Right now I’m listening to Camp Lo’s Uptown Saturday Night.  I don’t know how much play this album got around the nation when it dropped in 1997, but it didn’t get any love in Kansas City, but If you haven’t heard, it is the shit!
I don’t know when it became the general consensus that rap music that didn’t come out in the last 6 months isn’t good but we have to remember hip-hop’s history of being the product of people that were willing to dig in those crates.

Bargain bins at the used CD store, garage sales and amazon.com all have great CDs that you never heard.  Not to mention all of those CDs with 2 or 3 great songs on them.
My point is that great music doesn’t have a shelf life.  Just because Kanye and Jay-Z keep coming out with hits doesn’t mean Reasonable Doubt and The College Dropout aren’t great CDs.  It’s just the opposite.  There has been a long time since somebody referred to a rap album that is universally referred to as a classic.  Think about it.  There have been really good albums but a year later, nobody is talking about them.

Part of that is that rappers have entered a post-modern stage.  Meaning, they are making music that they want to sell and not so much that they believe in, or have taken the time to perfect.  The industry is constantly looking for something to sell and real artistry isn’t always marketable.  A lot of great artist died broke and people don’t rap to be broke.
But, we don’t listen because we want to make someone rich.  We want to be entertained and in tune with other people in the hip-hop nation.  We want to fall in love with the culture and the rhythms all over again and hidden inside those classics is the map to the love.
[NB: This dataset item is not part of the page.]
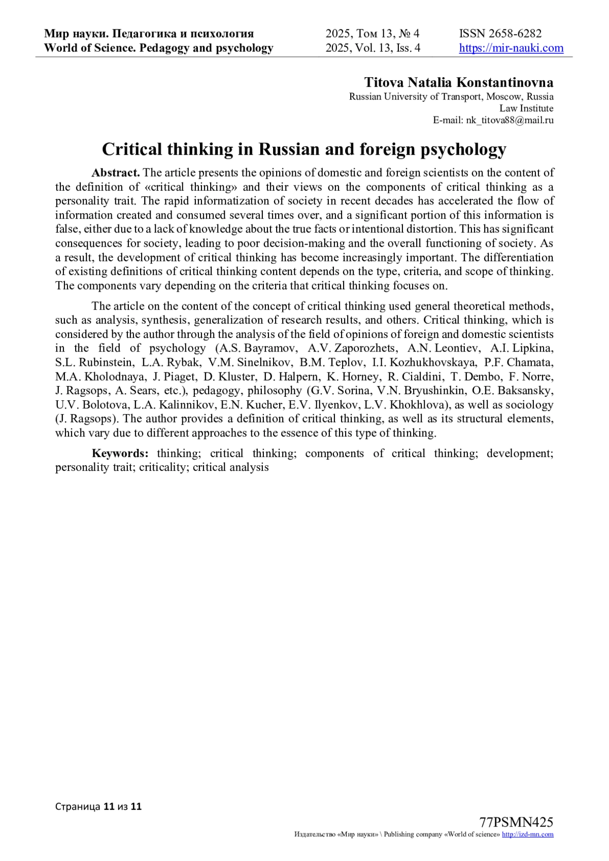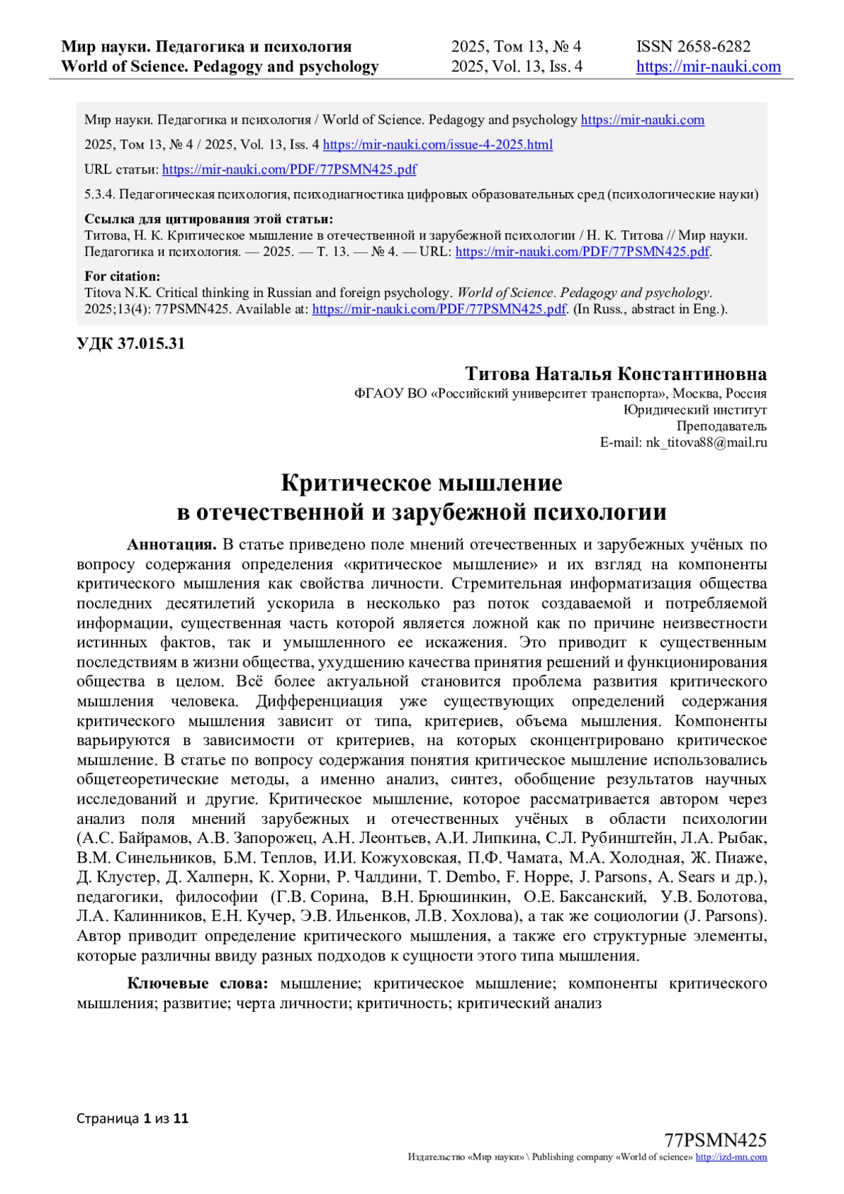 14. Корешникова Ю.Н. Организационные и педагогические условия формирования навыка критического мышления у студентов российских вузов / Ю.Н. Корешникова, И.Д. Фрумин, Т.В. Пащенко // Университетское управление: практика и анализ. - 2021. - С. 5-17. EDN: BGVLQH
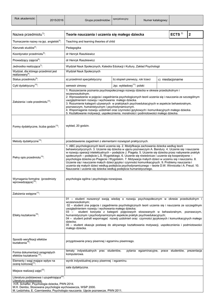 Rok akademicki: Grupa przedmiotów: 2015/2016 specjalizacyjny Numer katalogowy: Teorie nauczania i uczenia się małego dziecka Nazwa przedmiotu1): 3) Tłumaczenie nazwy na jęz. angielski : Teaching and learning theories of child Kierunek studiów4): Pedagogika 5) Koordynator przedmiotu : dr Henryk Raszkiewicz Prowadzący zajęcia6): dr Henryk Raszkiewicz 7) ECTS 2) Jednostka realizująca : Wydział Nauk Społecznych, Katedra Edukacji i Kultury, Zakład Psychologii Wydział, dla którego przedmiot jest realizowany8): Wydział Nauk Społecznych Status przedmiotu9): a) przedmiot specjalistyczny 10) b) stopień pierwszy, rok trzeci 2 c) niestacjonarne 11) Jęz. wykładowy : polski Cykl dydaktyczny : semestr zimowy Założenia i cele przedmiotu12): 1. Rozszerzenie poznania psychospołecznego rozwoju dziecka w okresie przedszkolnym i wczesnoszkolnym. 2. Wprowadzenie w pojęcia i zagadnienia psychologicznych teorii uczenia się i nauczania ze szczególnym uwzględnieniem rozwoju i wychowania małego dziecka. 3. Rozumienie kategorii używanych w praktykach psychoedukacyjnych w aspekcie behawioralnym, poznawczym, humanistycznym i psychodynamicznym. 4. Wspomaganie rozwoju uzdolnień oraz czynności językowych i komunikacyjnych małego dziecka. 5. Kształtowanie motywacji, uspołecznienia, moralności i podmiotowości małego dziecka. Formy dydaktyczne, liczba godzin13): wykład, 20 godzin. Metody dydaktyczne14): przedstawienie zagadnień z elementami rozwiązań praktycznych. Pełny opis przedmiotu15): 1. ABC psychologicznych teorii uczenia się. 2. Modyfikacja zachowania dziecka według teorii behawiorystycznych. 3. Uczenie się dziecka w ujęciu poznawczym A. Bandury. 4. Uczenie się i nauczanie w rozwoju operacji intelektualnych – podejście J. Piageta. 5. Uczenie się dziecka przez nabywanie praktyk społecznych – podejście L.S. Wygotskiego. 6. Uczenie się rówieśnicze i uczenie się kooperatywne – psychologia dziecka po Piagecie i Wygotskim. 7. Motywacja małych dzieci w uczeniu się i nauczaniu. 8. Uczenie się i nauczanie małych dzieci języka i czynności komunikacyjnych. 9. Problemy nauczania i uczenia się małych dzieci według podejścia psychodynamicznego – teorie D.W. Winnicotta i A. Freud. 10. Nauczanie i uczenie się dziecka według podejścia humanistycznego. Wymagania formalne (przedmioty wprowadzające)16): psychologia ogólna i psychologia rozwojowa. Założenia wstępne17): Efekty kształcenia18): Sposób weryfikacji efektów kształcenia19): Forma dokumentacji osiągniętych efektów kształcenia 20): Elementy i wagi mające wpływ na ocenę końcową21): Miejsce realizacji zajęć22): 01 – student rozszerzył swoją wiedzę o rozwoju psychospołecznym w okresie przedszkolnym i wczesnoszkolnym; 02 – student zna pojęcia i zagadnienia psychologicznych teorii uczenia się i nauczania ze szczególnym uwzględnieniem rozwoju i wychowania małego dziecka; 03 – student korzysta z kategorii pojęciowych stosowanych w behawioralnym, poznawczym, humanistycznym i psychodynamicznym aspekcie praktyk psychoedukacyjnych; 04 – student potrafi wspomagać rozwój uzdolnień oraz czynności językowych i komunikacyjnych małego dziecka; 05 – student okazuje postawę do aktywnego kształtowania motywacji, uspołecznienia i podmiotowości małego dziecka. przygotowanie pracy pisemnej i egzaminu pisemnego. tematy indywidualnych prac studentów, komputerowa. pytania egzaminacyjne, prace studentów, prezentacja wynik indywidualnej pracy pisemnej i egzaminu. sala dydaktyczna. Literatura podstawowa i uzupełniająca23): Literatura podstawowa: H.R. Schaffer, Psychologia dziecka, PWN 2014. M.H. Dembo, Stosowana psychologia wychowawcza, WSiP 2000. M. Ledzińska, E. Czerniawska, Psychologia nauczania. Ujęcie poznawcze, PWN 2011. J. Johns, Sprzyjające otoczenie, (w: ) S. Budd, R. Rusbridger, Współczesna psychoanaliza brytyjska, Oficyna Ingenium 2008. Literatura uzupełniająca: R. J. Gerrig, P. G. Zimbardo, Psychologia i życie, rozdz. Zachowanie przystosowawcze: warunkowanie i uczenie się, PWN 2006. A.E. Kazdin, Jak krok po kroku wprowadzić trwałą zmianę w relacji z dzieckiem. Czarna Owca 2014. J. Wadsworth, Psychologia Piageta, WSiP 2011. R. Edgcumbe, Anna Freud, Gdańskie Wydawnictwo Psychologiczne 2007. UWAGI24): Wskaźniki ilościowe charakteryzujące moduł/przedmiot 25) : Szacunkowa sumaryczna liczba godzin pracy studenta (kontaktowych i pracy własnej) niezbędna dla osiągnięcia zakładanych efektów kształcenia18) - na tej podstawie należy wypełnić pole ECTS2: Łączna liczba punktów ECTS, którą student uzyskuje na zajęciach wymagających bezpośredniego udziału nauczycieli akademickich: wykłady – 0,8. Łączna liczba punktów ECTS, którą student uzyskuje w ramach zajęć o charakterze praktycznym: indywidualna praca pisemna – 0,6; przygotowanie do egzaminu – 0,6. 50 h 0,8 ECTS 1,2 ECTS Tabela zgodności kierunkowych efektów kształcenia z efektami przedmiotu 26) Nr /symbol efektu 01 Wymienione w wierszu efekty kształcenia: Student rozszerzył swoją wiedzę o rozwoju psychospołecznym w okresie Odniesienie do efektów dla programu kształcenia na kierunku K_W05 przedszkolnym i wczesnoszkolnym. 02 Student zna pojęcia i zagadnienia psychologicznych teorii uczenia się i nauczania ze K_W09 szczególnym uwzględnieniem rozwoju i wychowania małego dziecka. 03 Student korzysta z kategorii pojęciowych stosowanych w behawioralnym, poznawczym, K_U02 humanistycznym i psychodynamicznym aspekcie praktyk psychoedukacyjnych. 04 Student potrafi wspomagać rozwój uzdolnień oraz czynności językowych i K_U09 komunikacyjnych małego dziecka. 05 Student okazuje postawę do aktywnego kształtowania motywacji, uspołecznienia i podmiotowości małego dziecka. K_K03

It’s funny; I learned this lesson, not by looking for old school rap albums but by discovering one of my non-rap favorites at the half priced book store.
I don’t know why I did it.  I wanted to pick up “The communist manifesto” and maybe a book from the black section and after that was accomplished, I decided to peruse the CD section.  There is was, amongst several copies of CDs that people considered junk was Mariah Carey’s Rainbow.  I don’t know why I even picked it up.  I didn’t even like Mariah Carey.  My favorite Mariah song was that Christmas song she did and I only really like that joint because she was looking so damned good in that outfit in the video.  It could have been her smile on the cover photo.  It could have been Jay-Z’s Cameo on “Heart Breaker” or maybe I just had money burning a hole in my pocket that made me want to risk 99 cents on an album by a lady that was quickly making the transition from fame to infamy.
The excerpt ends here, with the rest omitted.